The prop firm casino: FundingPips, terminations, and what actually works
#trading . #prop-firms . #fundingpips

Right now my Instagram is full of the same screenshot. A funded trader opens their account and finds an email instead of a balance. FundingPips: “Violation of our Terms of Service, Shared CID.” Your device fingerprint matched another user, account terminated, access revoked, effective immediately. FundedX sends a different flavour: “one-sided betting,” 46 of 63 trades on gold in the same direction, therefore terminated. Different firm, same outcome. The account is gone and so is the money behind it.
I am not collecting these to build a case. Friends kept posting them, and once you have seen ten identical emails you stop calling it a coincidence and start calling it what it is. In my opinion this is a scam, plain and simple. And if one of these firms took your money, here is the part I want you to read first: you can probably get it back. I will show you how below.

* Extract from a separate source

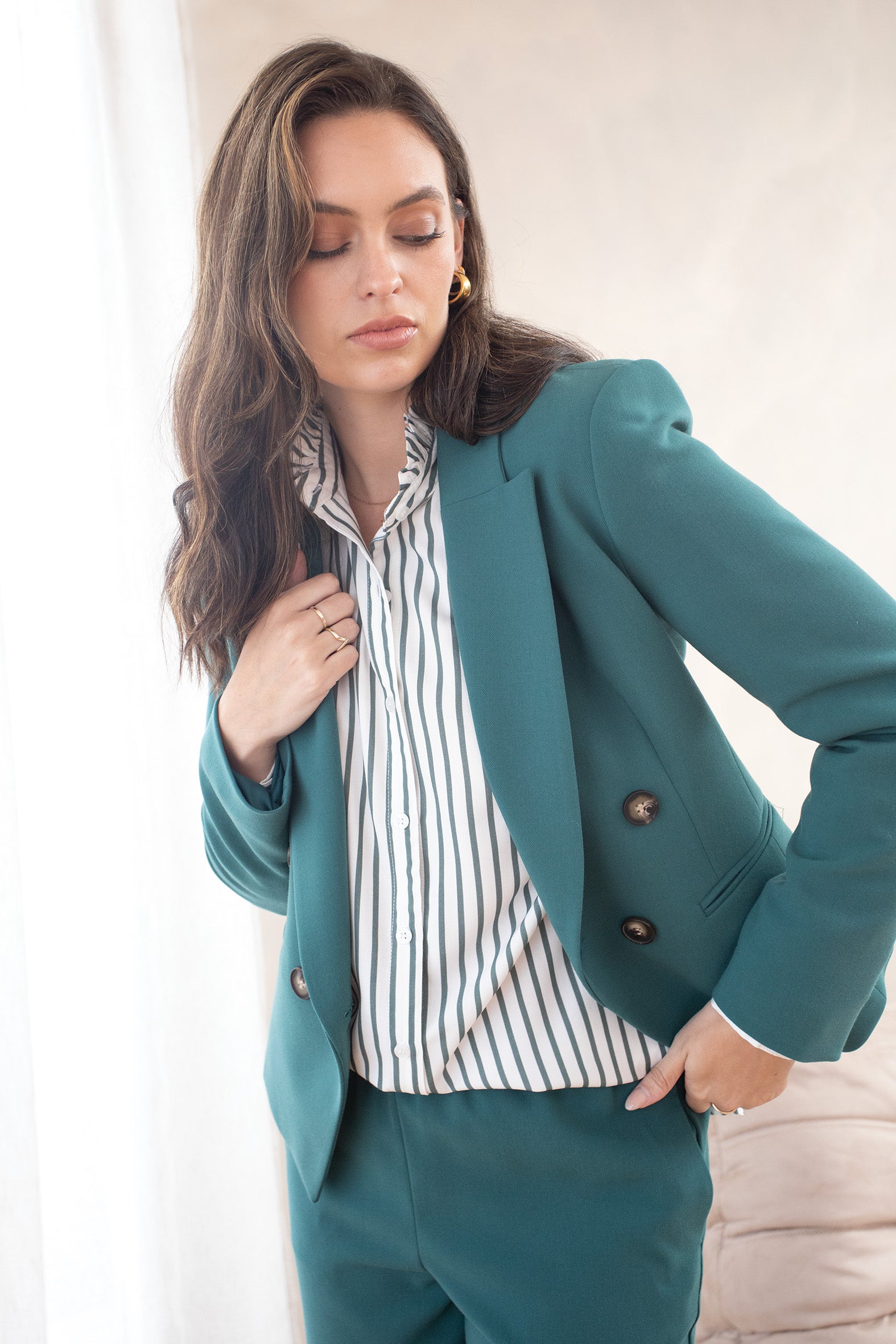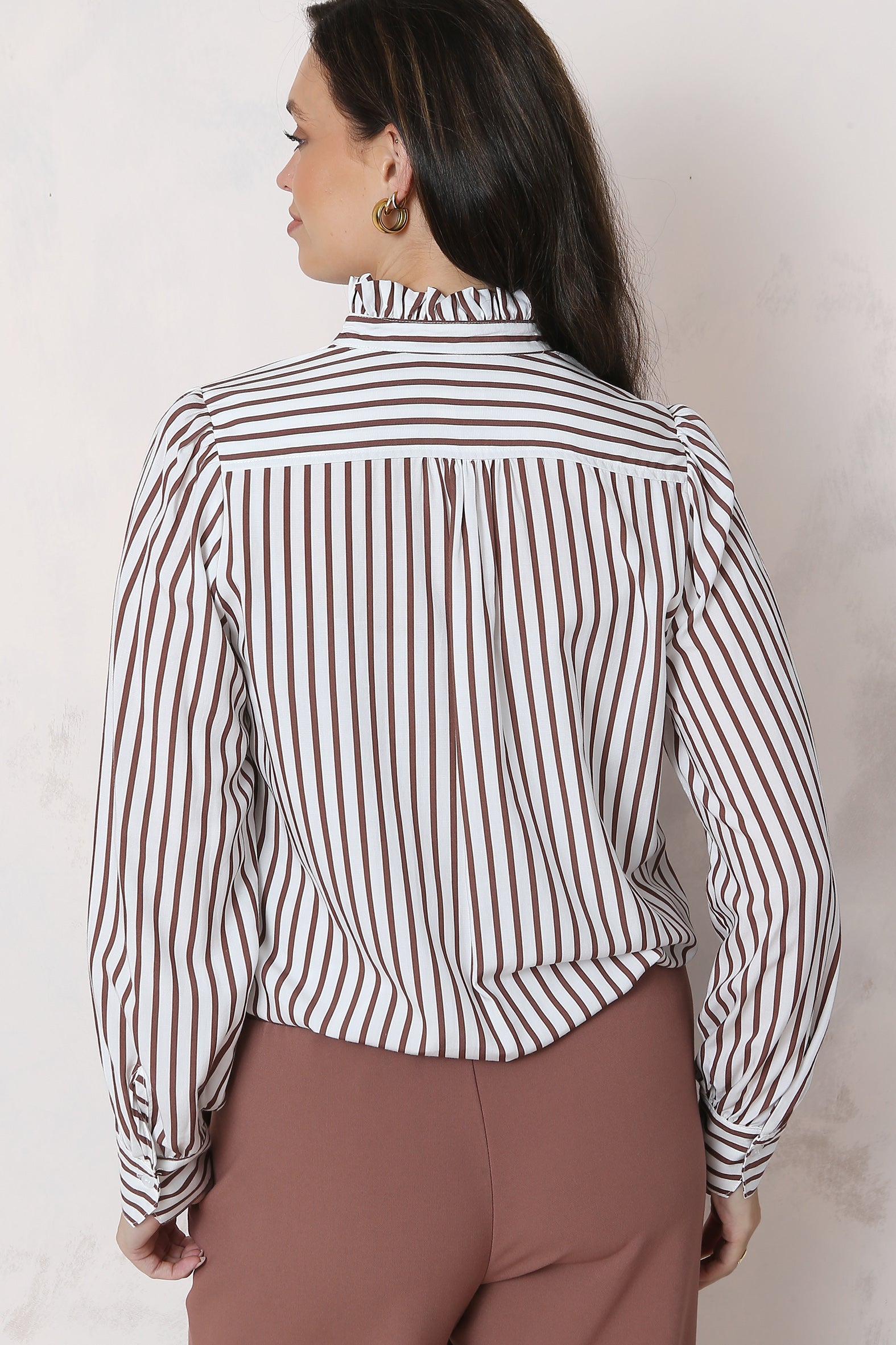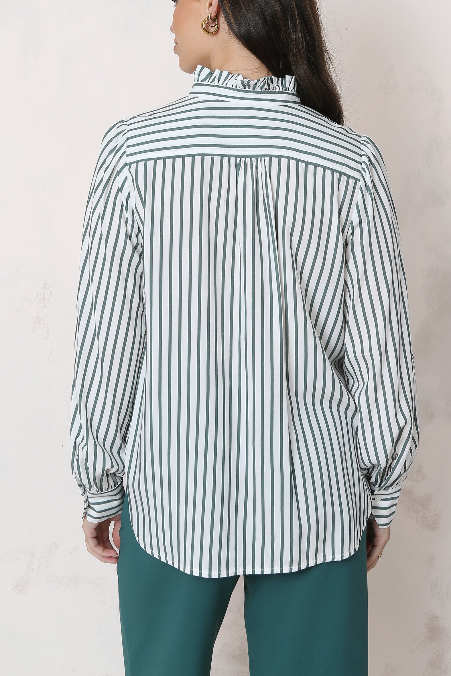 The Linear Luxe shirt is a perfect blend of timeless style and modern elegance. Featuring a ruffle neckline, button-through front fastening and tailored cuffs, it adds a touch of sophistication to your wardrobe. The floaty sleeves add a feminine, refined vibe making it a versatile piece for both work and weekend wear. Whether paired with ivory jeans like the Weekender, or tucked into the Denim Daze Skirt or with the Signature suit, it’s a stylish, conscious choice that effortlessly combines fashion and sustainability.

I gamed them first, so let me be fair
Back in 2023 FundingPips terminated me too, and I will be honest about why. I was running a stack of five-thousand-dollar accounts and one-shotting them, big single swings, because the math is simple: buy fifteen challenges, you only need one or two to hit and you are in profit. I was treating their model like a lottery I had an edge on. They blocked it. That part was fair. I was exploiting the product and they closed the hole.
What came after is the part I have a problem with.
The rules are the business model
To stop people doing what I did, they did not just patch the exploit. They buried everyone under rules. One percent risk per trade. Forced changes of asset. Consistency requirements. Restrictions that have nothing to do with whether you can actually trade, and everything to do with making the challenge harder to pass. A good trader now fails on the rules, not on the market.
And that is the whole trick, because a prop firm is a casino. The house sets the math, and the house has to win. When most of the revenue is challenge fees from people who fail, “fair to good traders” and “profitable for us” pull in opposite directions. So when the payouts start biting and the company starts losing money, the rules tighten and the terminations begin. Shared device ID. One-sided exposure. There is always a clause. Even a trader who did everything right can be told, after the fact, that they did it wrong.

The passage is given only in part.